Comme vous, j'ai besoin d'air! Comme vous, j'ai des choses à dire.
Je suis fatigué de tous ces journalistes qui écrivent et qui parlent sans connaitre les sujets qu'ils entendent traiter, ne craignant pas de commettre de grossières erreurs.
Je suis fatigué de tous ces responsables politiques qui confisquent la parole à leur propre usage exclusif.
Je suis fatigué de tous ces organisateurs de débats qui, lorsque l'on veut parler, nous répondent "Posez votre question, Monsieur!".
Je n'ai pas de question à poser! J'ai des réponses à proposer ... Elles valent ce qu'elles valent.

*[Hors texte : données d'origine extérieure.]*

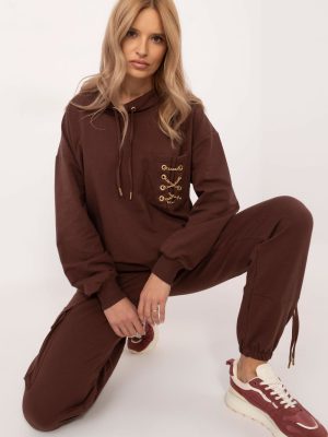 Ένα κομψό σετ φόρμας, αποτελούμενο από φούτερ και παντελόνι, ιδανικό για καθημερινές περιστάσεις. Κατασκευασμένο από βαμβάκι υψηλής ποιότητας με μια πινελιά ελαστάν, προσφέρει άνεση, ευελιξία και αναπνοή, ιδανικό για δραστήριες ημέρες. Η μπλούζα με στρογγυλή λαιμόκοψη διαθέτει μια πρακτική τσέπη στο μπροστινό μέρος, διακοσμημένη με μια μοντέρνα αλυσίδα, η οποία προσθέτει μια πρωτότυπη πινελιά στο σετ. Το ψηλόμεσο παντελόνι με τις πλαϊνές τσέπες που μπαίνουν στο παντελόνι είναι άνετο και λειτουργικό, ενώ τα πόδια με κορδόνι εγγυώνται τέλεια εφαρμογή. Το απαλό μοτίβο καθιστά το σετ ευέλικτο και εύκολο να συνδυαστεί με άλλα είδη ένδυσης. Είναι η ιδανική επιλογή για τις γυναίκες που εκτιμούν τον συνδυασμό άνεσης και κομψής εμφάνισης στην καθημερινή τους ένδυση.

Mais, à en juger par la pauvreté de certaines propositions de tel parti politique, le caractère manifestement irréaliste des propositions de tel autre, j'ai l'outrecuidance de penser que les miennes méritent, peut-être, d'être lues et commentées, voire, bien sûr, d'être battues en brèche.

Les deux extrêmes du champ politique - l'extrême-droite et les extrême-gauche - viennent de prendre "une grande claque". Je m'en réjouis. J'espère que cette redéfinition vers une plus grande responsabilité va se maintenir et même se renforcer. La démocratie ne s'en portera que mieux.  

Jacques Heurtault

Ancien conseiller municipal de Nogent sur Marne (Val de Marne).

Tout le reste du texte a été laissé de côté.